What is needed:
Repeat the lines below exactly as they appear, but leave out the images.

Exercise data:
--

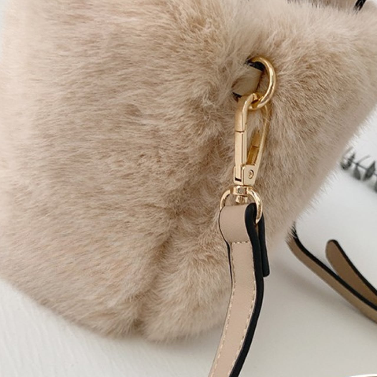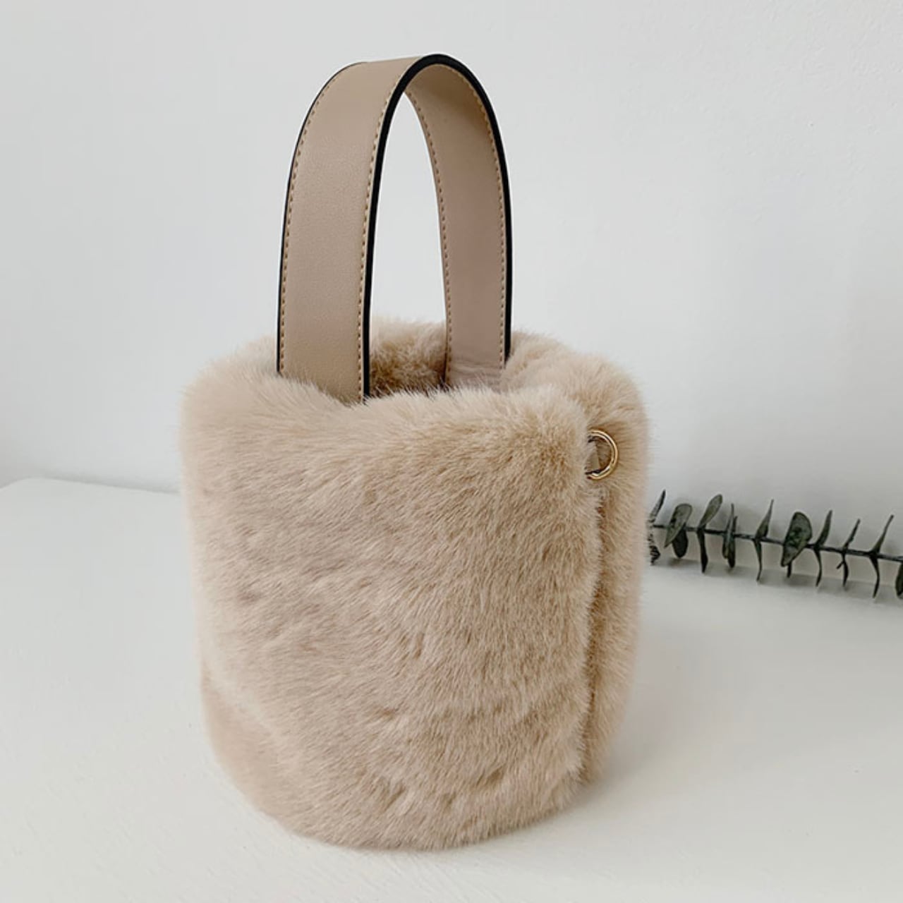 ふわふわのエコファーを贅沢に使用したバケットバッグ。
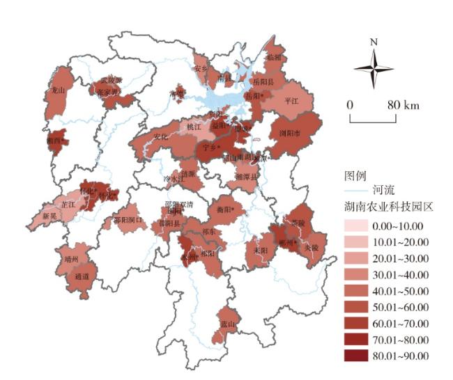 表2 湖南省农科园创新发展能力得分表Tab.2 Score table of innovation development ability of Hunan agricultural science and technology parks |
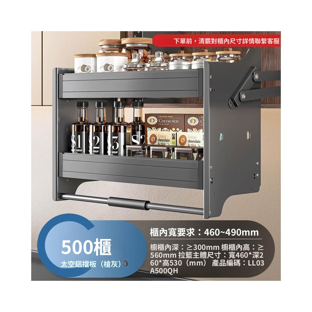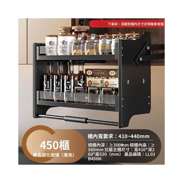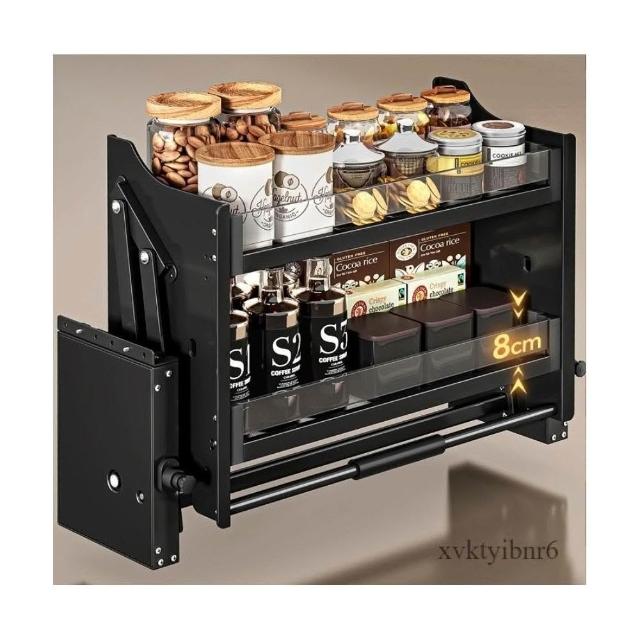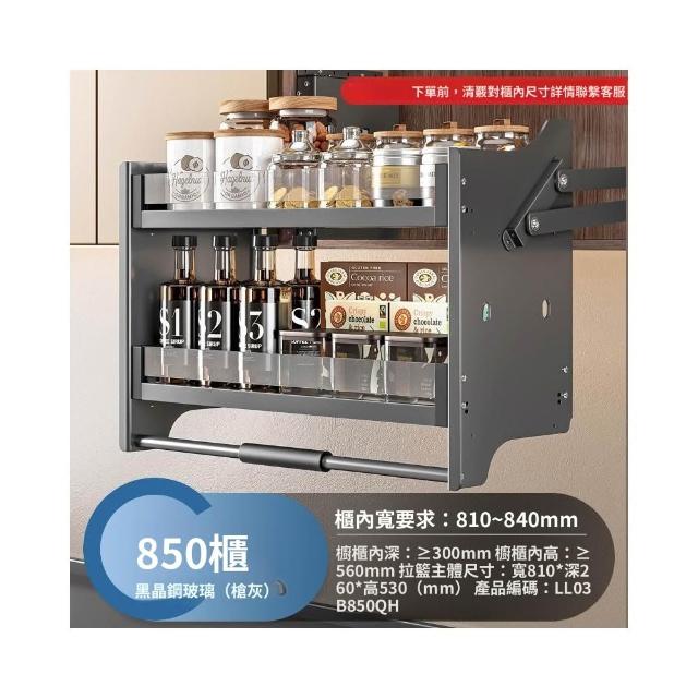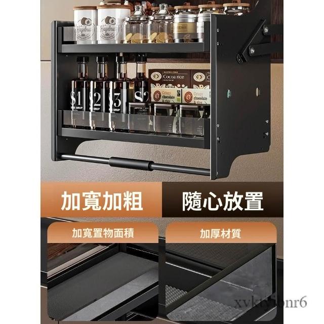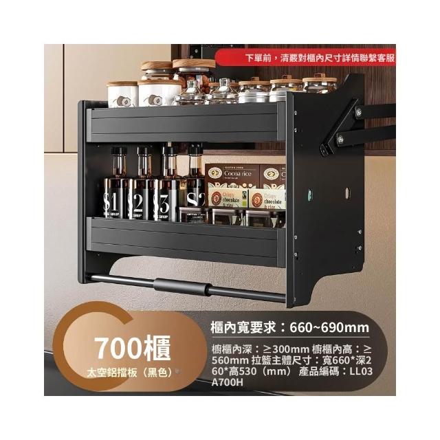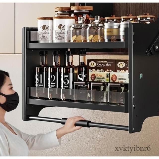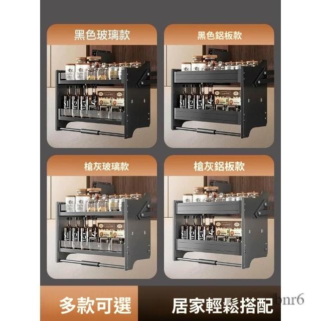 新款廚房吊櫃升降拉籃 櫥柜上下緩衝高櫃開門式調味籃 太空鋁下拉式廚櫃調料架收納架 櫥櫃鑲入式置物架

--

Response:
 ふわふわのエコファーを贅沢に使用したバケットバッグ。
 表2 湖南省农科园创新发展能力得分表Tab.2 Score table of innovation development ability of Hunan agricultural science and technology parks |
 新款廚房吊櫃升降拉籃 櫥柜上下緩衝高櫃開門式調味籃 太空鋁下拉式廚櫃調料架收納架 櫥櫃鑲入式置物架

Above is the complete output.